Total cash used by financing activities was $22.1 million. The primary use of cash in financing activities was the repayment of debt. Other financing outflows during the third quarter of 2016 included the payments of dividends for $7.2 million. Our balance sheet remains strong. The continued combination of increased EBITDA and further reductions in our outstanding debt drove leverage from 1.99 a year ago to 1.25 at the end of the third quarter. We remain comfortably within all debt covenants.

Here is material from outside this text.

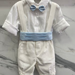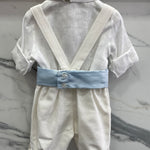 Questo completo elegante, perfetto per neonati, è ideale per occasioni speciali. La camicia in lino è arricchita da una graziosa fascia azzurra in vita e il papillon doppiato aggiunge un tocco di eleganza. Il pantalone alla zuava, realizzato in morbido cotone effetto lino, garantisce il massimo comfort per il tuo piccolo.
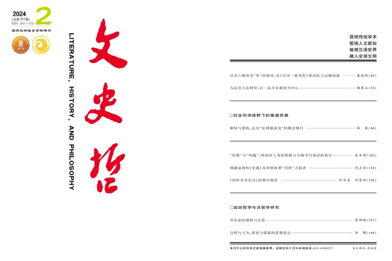 青年教师贾坤鹏在《文史哲》(2024年第2期)刊发文章《齐法家的建构与反思》。

We will now take any questions.

Question-and-Answer Session

Operator

Thank you. [Operator Instructions] And our first question comes from Budd Bugatch from Raymond James. Your line is open.

Budd Bugatch

Good morning, Andrew. Good morning, Craig. Congratulations on a really terrific quarter. I guess the first question is on David Rockwell. You said you’re going to start taking orders in the first quarter. Andrew, when do you think, you’ll be starting to see deliveries, how soon after that when will we see that?

Craig Spray

Rockwell Unscripted, we will take orders on Rockwell Unscripted at the end of the first quarter and begin shipments at the start of the second quarter. We’ll be bringing all our people into train them in the end of January and we’ll be rolling it out to between four and five flagship showrooms, at the end of this year and the beginning of next year.

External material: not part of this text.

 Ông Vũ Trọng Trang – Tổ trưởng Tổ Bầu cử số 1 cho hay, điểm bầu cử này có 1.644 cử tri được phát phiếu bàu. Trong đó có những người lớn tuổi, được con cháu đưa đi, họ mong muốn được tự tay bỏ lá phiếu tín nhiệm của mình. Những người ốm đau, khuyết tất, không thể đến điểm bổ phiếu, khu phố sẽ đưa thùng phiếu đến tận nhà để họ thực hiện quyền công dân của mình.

So, we have a pretty robust plan to bring that to market and we remain very heartened by the client response to this visits to Chicago and again, as again I said in my remarks, there are nice sizable opportunities and it should be very incremental to where we are and very much targeting areas of the market we believe are outperforming other areas of the market.

Budd Bugatch

Then, how can we – is there any way for us to size that to get a feel, quantify the potential impact on 2017 results and maybe beyond, then what the opportunity is?

Andrew Cogan

Yes. I think, it will probably be hard to quantify for 2017, but in general, but when we do a major platform, our goal is to create a $50 million to $100 million stream of revenue over a three-year to five-year period. And I think we have a good track record of doing that with project – products like, Antenna and so forth, and Rockwell feels like it will be on that trajectory. But you’re talking $10 million, $15 million for a year-one kind of ramp-up.

Budd Bugatch

Okay. That’s kind of where I was thinking it would come to.

Andrew Cogan

Yes. That’s right.

Budd Bugatch

Thank you. Can you give us a walk from either the 38.4% gross profit of the third quarter of last year, to 38.6% this year or from, it looks like gross profit has found its high water mark. Is there a way to quantify for us with some other components of the changes in gross margin on?

Andrew Cogan

Yes, really on the year-over-year margin change, it was three things, it was leverage and net pricing that kind of netted each other out, and then we had our continuous improvement to our manufacturing efficiencies that fell through.

Budd Bugatch

And what about the Canadian dollar change year-over-year, is that stopped having an impact in one way or another?

Andrew Cogan

Yes, not a material effect at all Q3. Budd, one of the things that has helped us a little bit gross-margin-wise this year is we’ve had some protection on steel. So we have not been hit with the bulk of the steel inflation, and that will be a headwind for us in 2017 and we are evaluating our pricing actions appropriately.

Budd Bugatch

You normally take a pricing action about the beginning of the year, do you not, and is that still a rational expectation?

Andrew Cogan

I think given some of the higher inflationary expectations, I think it’s important that we do take some price up early in 2017.

Budd Bugatch

We have started to see some disruption in the foam market particularly with chemicals of MDI and TDI, that’s not necessarily domestically, but in other parts of the world that I worry will could lead over to our markets here. Are you seeing any of that? And I’m sure you are cognizant of it as well?

Andrew Cogan

Yes, we don’t use a ton of foam, so we haven’t seen any big impacts or supply disruptions on yet. And we’re not anticipating anything dramatic.

Budd Bugatch

That doesn’t worry you as much. Okay, I understand. On the…

Andrew Cogan

Steel is a real headwind.

Budd Bugatch

No question. Okay. And that market is – really has a lot of political effects on it, too, between what goes on in China and other parts of the world, right? Is that the way to think about that?

Andrew Cogan

Yes and you watch the debate and they all talk about steel. So, yeah, it’s something we’re watching.

Budd Bugatch

Yes, you’ve almost ruined my morning with that thought. Kagan is a fabulous old name. I’ve got to tell in the past life I actually sold some of that product. What can you tell us about the size of that now? I think he has passed away. Is that right? And…

Andrew Cogan

It’s a wonderful brand. We had the pleasure, Holly introduced us to Vladimir Kagan, she has known him, maybe as long as you’ve known him, Budd. And we actually started talking with Vladi before he passed away. It was very unfortunate that during the negotiations, because we would have loved to have him stay on with us and continue to create, he was really creating work at the end of his life.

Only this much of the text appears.